▸ The task
Print exactly the lines below between the line containing "范思蓝恩 夏季新款中长款高腰半身裙设计感小众气质压褶裙子女 白色 S |" and the line containing "NFLX - Also, I", counting both of those lines. Leave pictures out.

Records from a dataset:
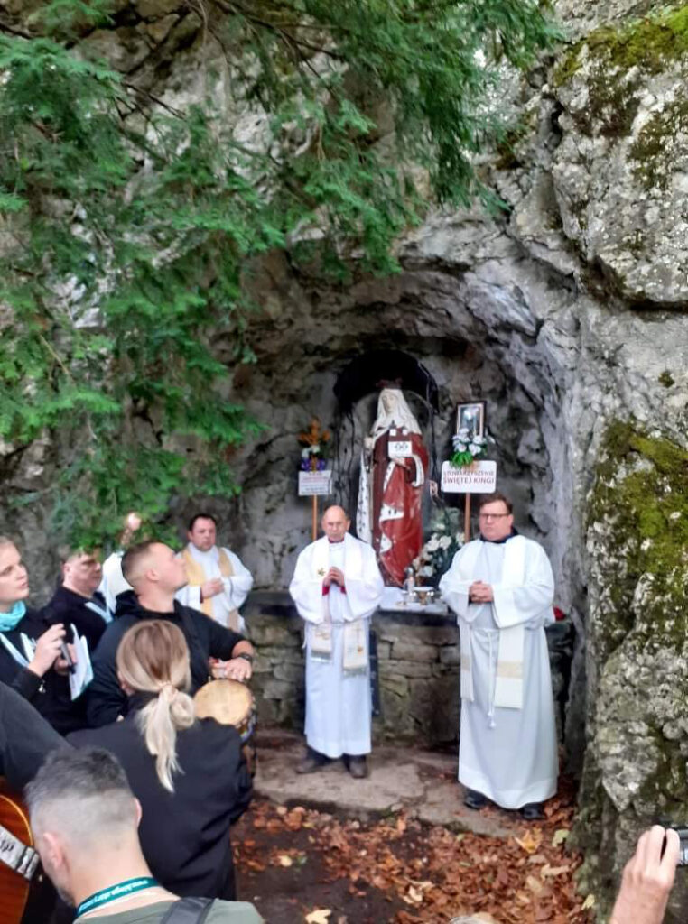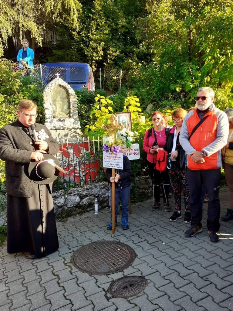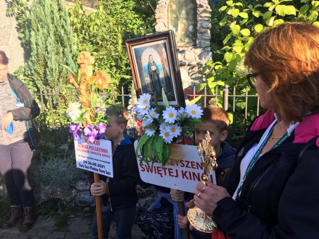 Drugi dzień XXXII Górskiej Pielgrzymki rozpoczął się Mszą Św. o godz. 6,30 w starosądeckim Klasztorze, gdzie ksiądz proboszcz Tomasz Kudroń z parafii pw Św. Wojciecha w Szczawnicy odebrał relikwiarz z relikwiami Św. Kingi.
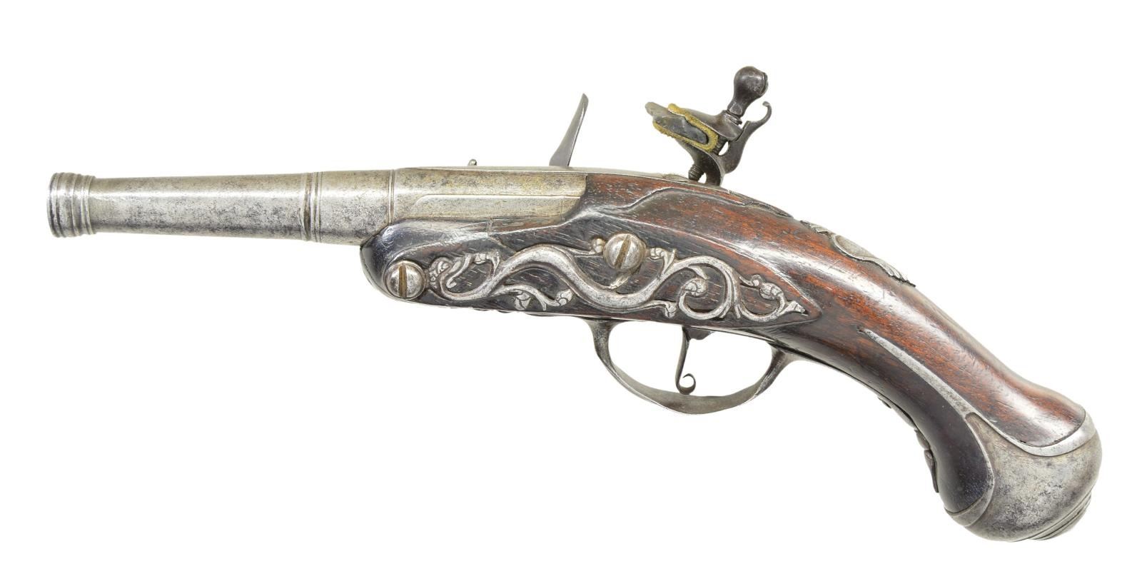 Lot 3583 ENGLISH STYLE CANNON BARREL FLINTLOCK PISTOL.
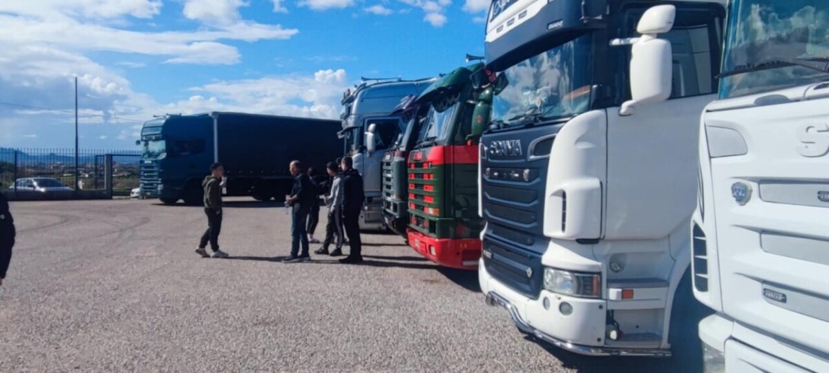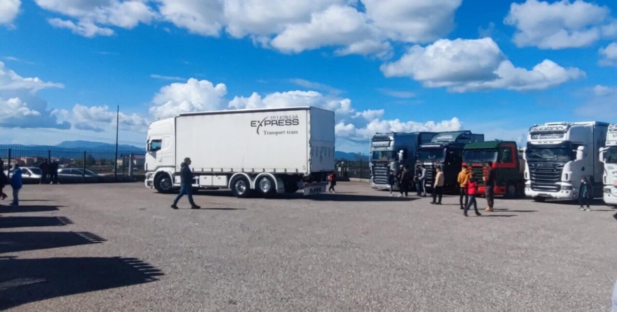 Ο χώρος της εκδήλωσης γέμισε από φορτηγά.
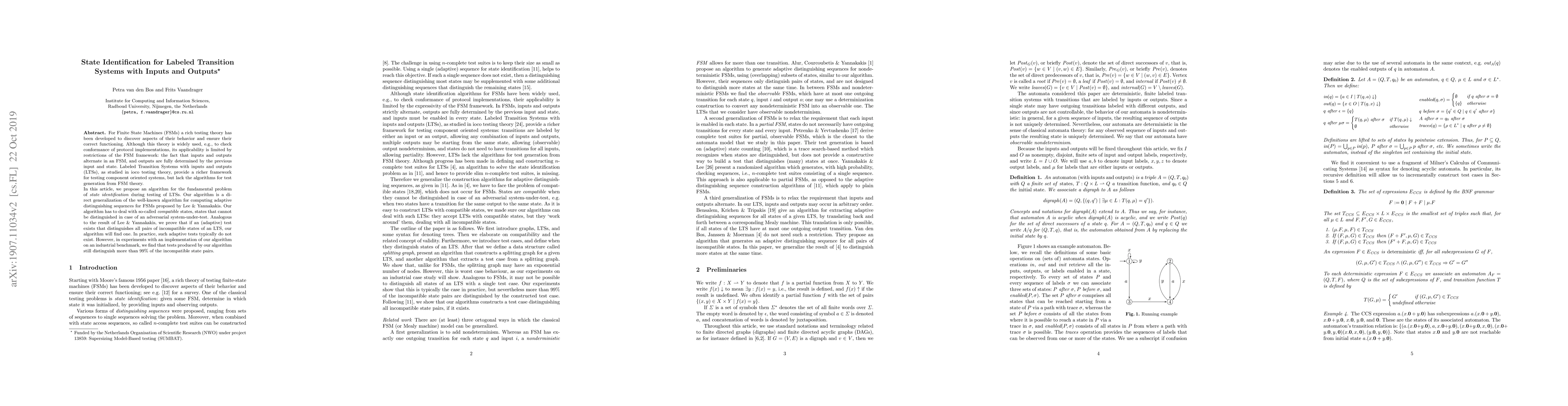 For Finite State Machines (FSMs) a rich testing theory has been developed to discover aspects of their behavior and ensure their correct functioning. Although this theory is widely used, e.g., to check conformance of protocol implementations, its applicability is limited by restrictions of the FSM framework: the fact that inputs and outputs alternate in an FSM, and outputs are fully determined by the previous input and state. Labeled Transition Systems with inputs and outputs (LTSs), as studied in ioco testing theory, provide a richer framework for testing component oriented systems, but lack the algorithms for test generation from FSM theory. In this article, we propose an algorithm for the fundamental problem of state identification during testing of LTSs. Our algorithm is a direct generalization of the well-known algorithm for computing adaptive distinguishing sequences for FSMs proposed by Lee & Yannakakis. Our algorithm has to deal with so-called compatible states, states that cannot be distinguished in case of an adversarial system-under-test. Analogous to the result of Lee & Yannakakis, we prove that if an (adaptive) test exists that distinguishes all pairs of incompatible states of an LTS, our algorithm will find one. In practice, such adaptive tests typically do not exist. However, in experiments with an implementation of our algorithm on an industrial benchmark, we find that tests produced by our algorithm still distinguish more than 99% of the incompatible state pairs.
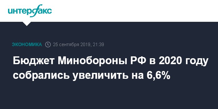 Москва. 25 сентября. INTERFAX.RU - Расходы Министерства обороны России на будущий год вырастут на 6,6%, следует из проекта федерального бюджета на 2020-2022 годы.
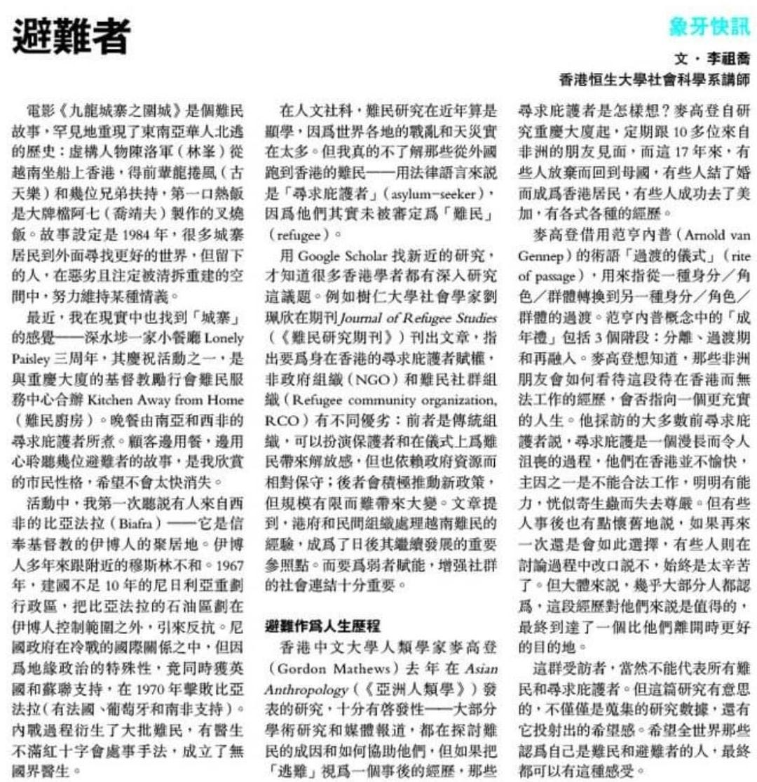 香港中文大學人類學家Gordon Matthews(麥高登)去年在Asian Anthropology(亞洲人類學)發表的研究,十分有啟發性──大部份學術研究和媒體報導,都在探討難民的成因和如何協助他們,但如果把「逃難」視為一個事後的經歷,那些尋求庇護者是怎樣想?麥高登自研究重慶大廈起,定期跟十多位來自非洲的朋友見面,而這十七年來,有些人放棄而回到母國,有些人結了婚而成為香港居民,有些人成功去了美加,有各式各種的經歷。
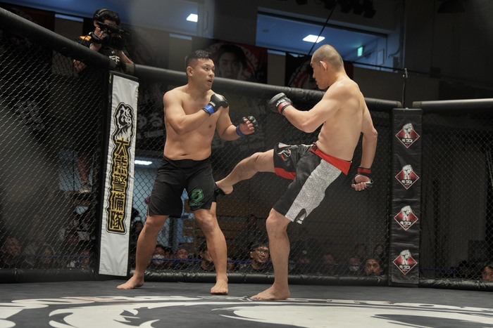 荒井のローブローを流した沙門だが、続く荒井の低いタックルに反則のサッカーキック。中断。沙門に「減点1」。詰める沙門だが残り10秒、荒井が組んで押し込みホーン。
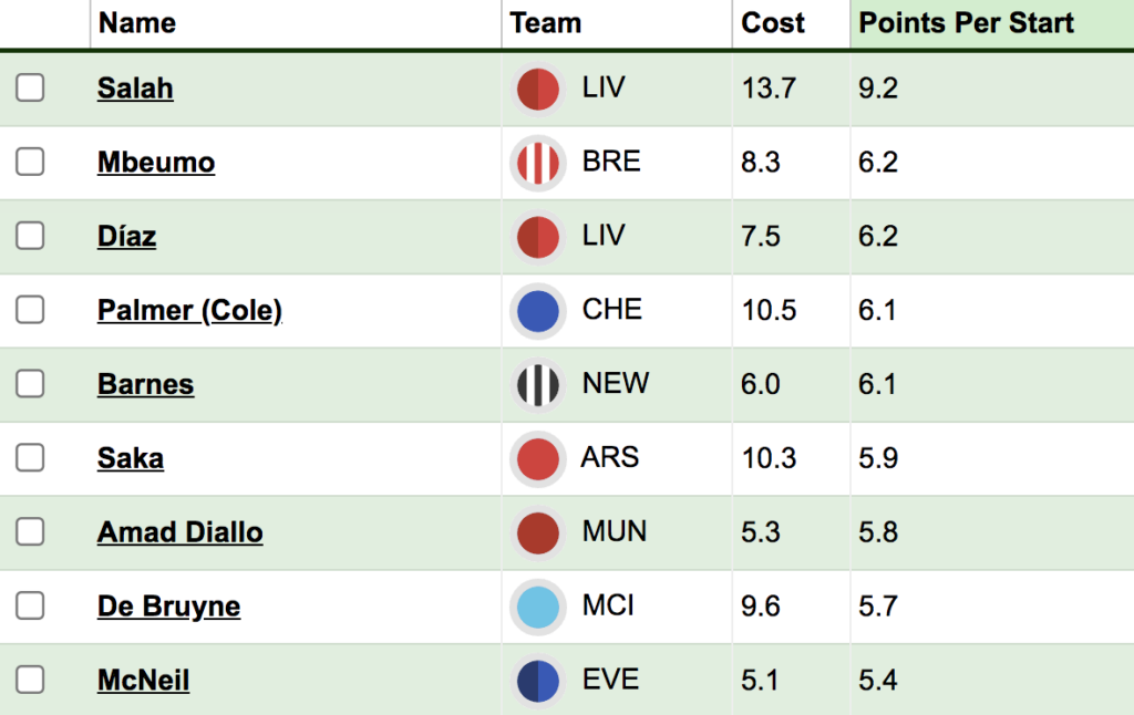 Above: Midfielders sorted by points per start in 2024/25 (minimum 1,000 mins)
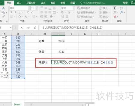 若需每隔三行求和,如一、四、七、十月份之和,可使用公式:=SUMPRODUCT((MOD(ROW(B1:B12),3)=0)*B1:B12)。
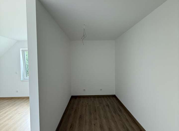 Im Obergeschoss befindet sich ein großes Familienbadezimmer mit einer Badewanne und Dusche, zwei Kinderzimmer sowie ein Schlafzimmer mit einem Ankleidezimmer.
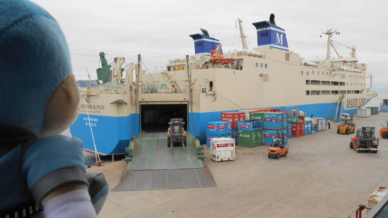 フロンタくん、船からの搬出を見学中♪
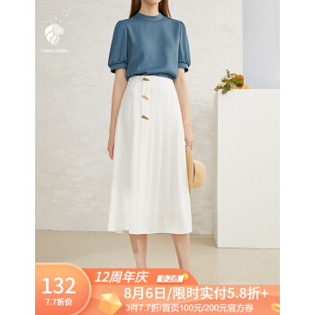 范思蓝恩 夏季新款中长款高腰半身裙设计感小众气质压褶裙子女 白色 S |
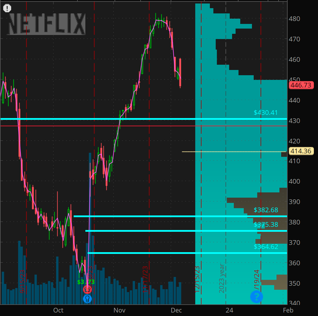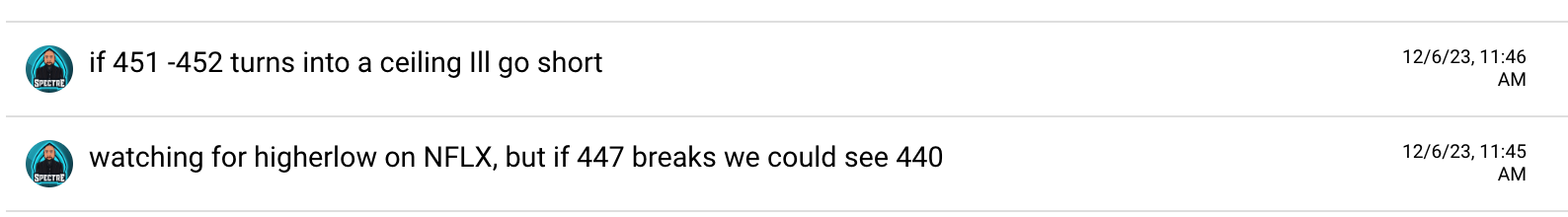 NFLX - Also, I was planning to get long, for another leg up in market, but the price action proved not great when 448 could not hold. We were able to get short on 451-452 back test intraday
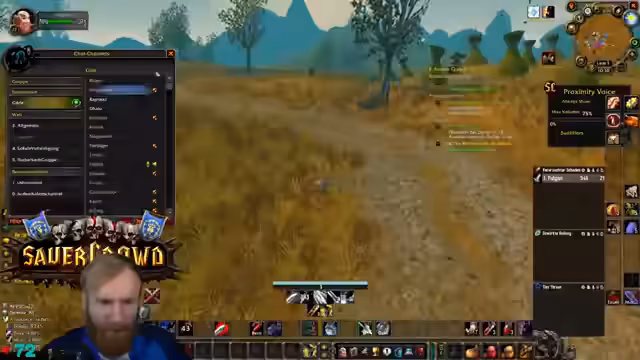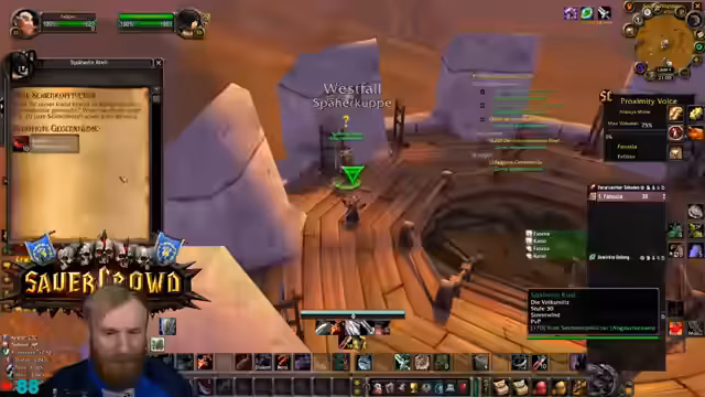 00:02:55Der Stream beginnt mit einem kurzen Intro, bevor es direkt ins Spiel geht. Der Fokus liegt auf dem Weiterführen der Quests in Westfall und die Notwendigkeit, die Bärenfest-Quest zu meistern. Es werden technische Probleme im Ingame-Chat erwähnt, die die Kommunikation erschweren. Der Streamer plant, nach Westfall zu fliegen, um eine Quest abzugeben, und anschließend nach Goldshire zu laufen, während er gleichzeitig parallel seine Berufe skillen und auf Level 20 für den Dungeon Deadmines (DM) hinarbeiten will.

▸ Answer space
 范思蓝恩 夏季新款中长款高腰半身裙设计感小众气质压褶裙子女 白色 S |
 NFLX - Also, I was planning to get long, for another leg up in market, but the price action proved not great when 448 could not hold. We were able to get short on 451-452 back test intraday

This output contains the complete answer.